GB Logistics Commerce Ltd Share Price Auditors Report

ON RESTATED STANDALONE FINANCIAL STATEMENT

The Board of Directors GB Logistics Commerce Limited,

B-3, Saptak Plaza Shivaji Nagar,

Shankar Nagar, Nagpur Maharashtra - 440010

Respected Sirs,

1. We have examined, the attached Restated Standalone Financial Statements of GB Logistics Commerce Limited (the "Company" or the "Issuer") comprising the Restated Standalone Statement of Assets and Liabilities as at September 30, 2024, March 31, 2024, March 31, 2023, and March 31, 2022, the Restated Standalone Statement of Profit and Loss, the Restated Standalone Statement of Cash Flows for the period ended September 30, 2024 and years ended March 31, 2024, March 31, 2023 and March 31, 2022 and the Restated Standalone summary of significant accounting policies, and other explanatory information (collectively, the "Restated Standalone Financial Statements"), as approved by the Board of Directors of the Company at their meeting held on 16 December 2024 for the purpose of inclusion in the Red Herring Prospectus/Prospectus prepared by the Company in connection with its proposed Initial Public Offer of equity shares ("IPO") prepared in terms of the requirements of:

a. Section 26 of Part I of Chapter III of the Companies Act, 2013 ("the Act");

b. The Securities and Exchange Board of India (Issue of Capital and Disclosure Requirements) Regulations, 2018, as amended from time to time in pursuance of provisions of Securities and Exchange Board of India Act, 1992 ("ICDR Regulations"); and

c. The Guidance Note on Reports in Company Prospectuses (Revised 2019) issued by The Institute of Chartered Accountants of India ("ICAI"), as amended from timeto time (the "Guidance Note").

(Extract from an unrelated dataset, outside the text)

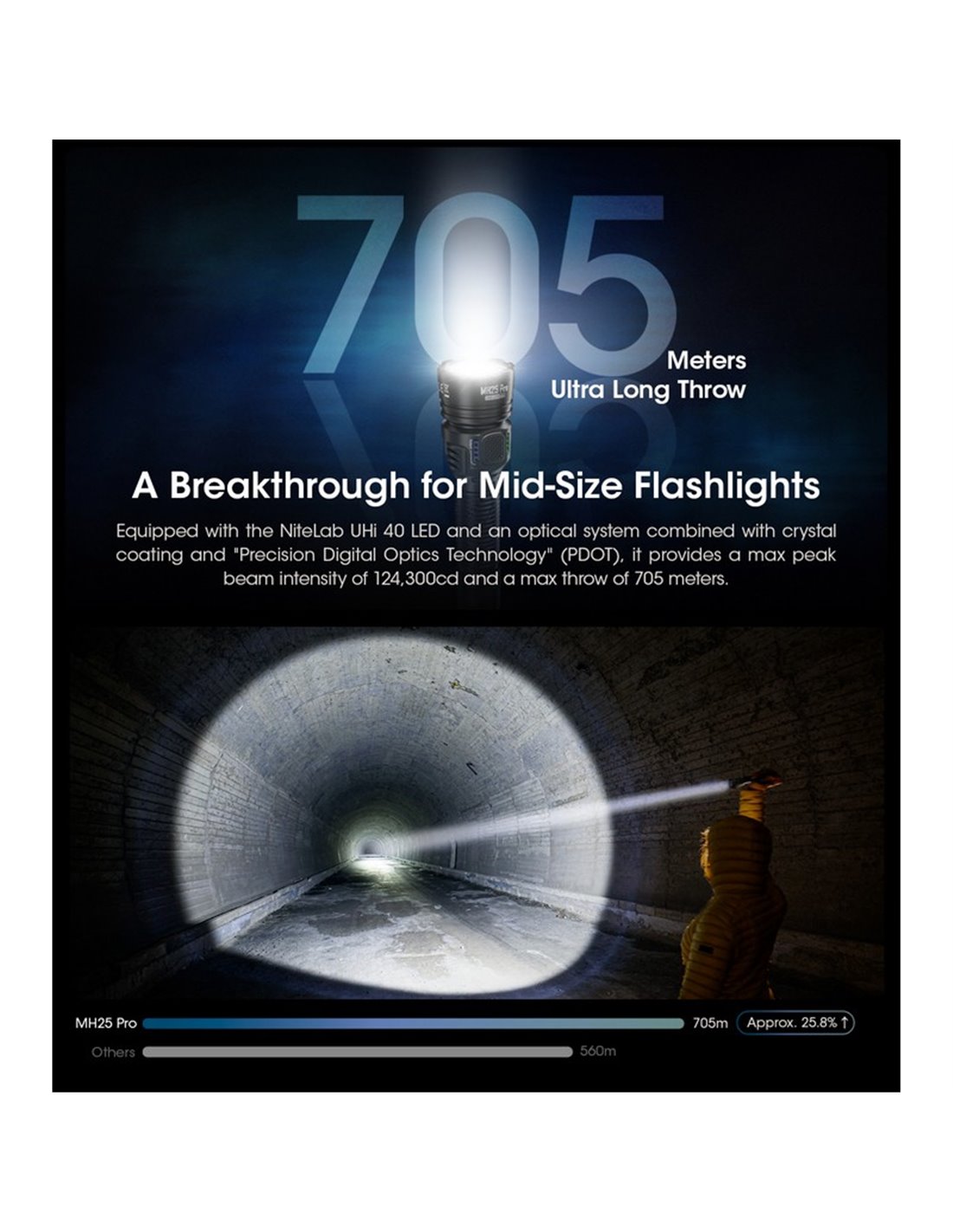 Linterna NITECORE MH25PRO: 3.300 Lumen Leistung und 705 Meter Reichweite

2. The Companys Board of Directors is responsible for the preparation of the Restated Standalone Financial Statement & other financial information for the purpose of inclusion in the Red Herring Prospectus / Prospectus to be filed with Securities and Exchange Board of India, relevant stock exchanges and Registrar of Companies, Mumbai in connection with the proposed IPO. The Board of Directors responsibility includes designing, implementing, and maintaining adequate internal control relevant to the preparation and presentation of the Restated Standalone Financial Information.

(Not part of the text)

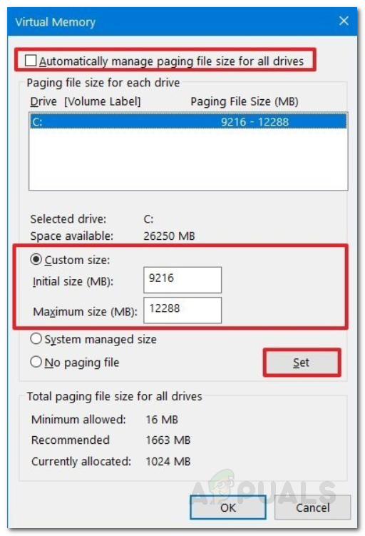 Changing Virtual Memory Size - Click Set and then OK.

3. The Restated Standalone Financial Statements have been prepared by the management of the Company on the basis of preparation stated in Note 1 & 2 to the Restated Standalone Financial Statements. The Restated Standalone Financial Statements have been extracted by the management from the Audited Financial Statements of the Company for the period ended September 30, 2024 and years ended March 31, 2024, March 31,2023 and March 31,2022 prepared in accordance with accounting principles generally accepted in India at the relevant time and approved by the Company in its board meetings held on 14 December, 2024, 15 June 2024, 29 September 2023 and 7 September 2022 respectively. The Board of Directors of the Company are responsible for designing, implementing and maintaining adequate internal control relevant to the preparation and presentation of the Restated Standalone Financial Statements.

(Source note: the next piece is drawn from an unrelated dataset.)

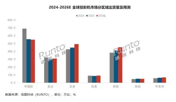 将目光聚焦到区域市场,格局的变化尤为值得关注。数据显示,2025年中国大陆投影机市场出货量为555.5万台,同比出现了19.4%的显著下滑。这一调整使得其全球市场份额降至三成以下。尽管如此,中国作为全球最大单一市场的地位依然稳固。不过,市场预测认为,2026年中国市场的规模可能还将经历小幅回调,预计降至549万台。

The Board of Directors of the Company are also responsible for identifying and ensuring that the Company complies with the Act, the ICDR Regulations and the Guidance Note.

4. We have examined such Restated Standalone Financial Statements taking into consideration:

a) The terms of reference and terms of our engagement agreed upon with you in accordance with our engagement letter in connection with the proposed IPO of equity shares of the Company;

b) The Guidance Note - The Guidance Note also requires that we comply with the ethical requirements of the Code of Ethics issued by the ICAI;

c) Concepts of test checks and materiality to obtain reasonable assurance based on verification of evidence supporting the Restated Standalone Financial Statements; and

d) The requirements of Section 26 of the Act and the ICDR Regulations. Our work was performed solely to assist you in meeting your responsibilities in relation to your compliance with the Act, the ICDR Regulations and the Guidance Note in connection

e) with the proposed IPO of equity shares of the Company.

5. These Restated Standalone Financial Statements have been compiled by the management from:

a) The Restated Standalone Financial Statements also contains the financial information as at September 30, 2024, March 31, 2024, March 31, 2023 and March 31, 2022. The financial information have been prepared by making Restated adjustments (refer note 3A) to the audited financial statements as at period ended September 30, 2024 and years ended March 31, 2024, March 31, 2023 and March 31, 2022 which have been approved by the Board of Directors at their meeting held on 14 December, 2024, 15 June 2024, 29 September 2023 and 7 September 2022 respectively as described in Annexure 1 & 2 to the Restated Standalone Financial Statements.

6. For the purpose of our examination, we have relied on:

Audited Financial Statements for the years ended 31 March 2023 and 31 March 2022 have been audited by CA Lalit Jham and accordingly reliance has been placed on the financial information examined by them for the said years. The Financial Report included for these years is based solely on the report submitted by them.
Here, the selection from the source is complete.